We extracted the first protein chain in each PDB file and the corresponding sequences with less than 80% non-regular amino acids and more than 50 residues. 68953/69861 proteins fulfilled these criteria (99%).
-
We clustered the sequences at 30% identity using MMseqs2 (version f5f780acd64482cd59b46eae0a107f763cd17b4d)23. This is a more stringent cutoff than the 40% identity used in AlphaFold21 to ensure that similar structures are indeed captured within the clusters.
mmseqs easy-cluster examples/DB.fasta clusterRes tmp --min-seq-id 0.3 -c 0.8 --cov-mode 1.
-
4.
This resulted in 5452 clusters with more than one entry (10,116 clusters in total). From the sequence clusters with over one entry, we used TM-align (version f0824499d8ab4fa84b2e75d253de80ab2c894c56)15 to perform pairwise structural alignment of all entries within each cluster. We created structural clusters if the pairwise TM-score ≥0.8. 64,208 out of the 68,953 structures (93%) could be clustered into 6696 structural clusters.
-
5.
We now checked for sequence clusters that have different structural clusters (different conformations) before and after April 30 2018. We obtained 900 putative alternative conformations.
-
6.
To see if these are truly alternative conformations and not a result of sequence variations, we clustered the sequences again on 90% identity using MMseqs2:
mmseqs easy-cluster examples/DB.fasta clusterRes tmp --min-seq-id 0.9 -c 0.8 --cov-mode 1.
-
7.
We obtained 14,662 clusters out of 64,208 sequences in total. About 7806 of the clusters have more than one member and 64 maps to alternative conformations (some with as many as nine different ones).
-
8.
To see if these are truly alternative conformations and not a result of length differences or low resolution, we performed a manual check. We find that some putative alternative conformations are a result of variations in N/C-terminal loops, mutations or disconnected chains (breaks) and such structures were excluded. The manual check resulted in 38 alternative conformations in total.

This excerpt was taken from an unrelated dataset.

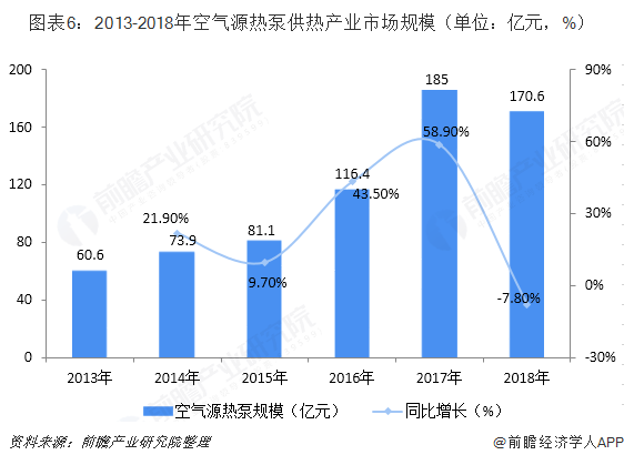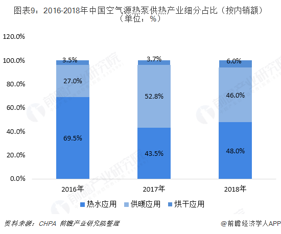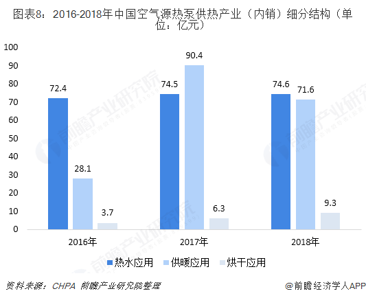 2018年空气源热泵行业销售规模为170.6亿元,同比下降7.6%,热水应用产品销售额为74.6亿元,与2017年基本持平;供暖应用产品销售额为71.6亿元,同比下滑20.8%;烘干应用产品销售额增长47.6%,达到9.3亿元。

Proteins with alternative conformations in the PDB
To assess all proteins with alternative conformations from the PDB, we continue from step 4 above using the structural clusters at 0.8 TM-score. We skip step 5 and go directly to step 6 (as no date cutoff is necessary here) to see if these are truly alternative conformations and not a result of sequence variations. Figure 6 shows the entire data selection workflow starting from step 1 above.
After step 6 (clustering at 90% sequence identity), we analyse all sequence clusters at 90% (14,662 clusters) that contain at least two different structural clusters. In total, there are 627 such sequence clusters.
To reduce the number of necessary manual checks, we do pairwise sequence alignment of all sequences within each structural cluster of the 90% sequence clusters. Using these sequence alignments, we extract the corresponding structural areas and perform another structural comparison with TM-align. Only if the structures are still different (TM-score <0.8), do we consider them to be putative alternative conformations.
We obtain 311 such examples that are within the same 90% sequence identity cluster but have aligned sequence regions with corresponding structures that differ >0.2 in TM-score. We select representatives with the longest sequence overlaps and the biggest TM-score difference from each of the structural clusters. We perform a manual check to ensure that the conformations are indeed different and not a result of variable loop regions, low resolution or other experimental differences.
We obtained 245 sequence clusters at 90% with alternative conformations (TM-score difference >0.2) belonging to 458 different structural clusters. Only one of the conformations of these is selected for training and the remainder is saved for evaluation. We select the clusters at random. In total, there are 6474 structural clusters composed of 59946 sequences for training and 222 composed of 4263 sequences for evaluation with 244 alternative conformations (some structural clusters are present in more than one alternative conformation). We select 315 of the training structural clusters at random for validating the structure prediction performance (5%, 3539 sequences).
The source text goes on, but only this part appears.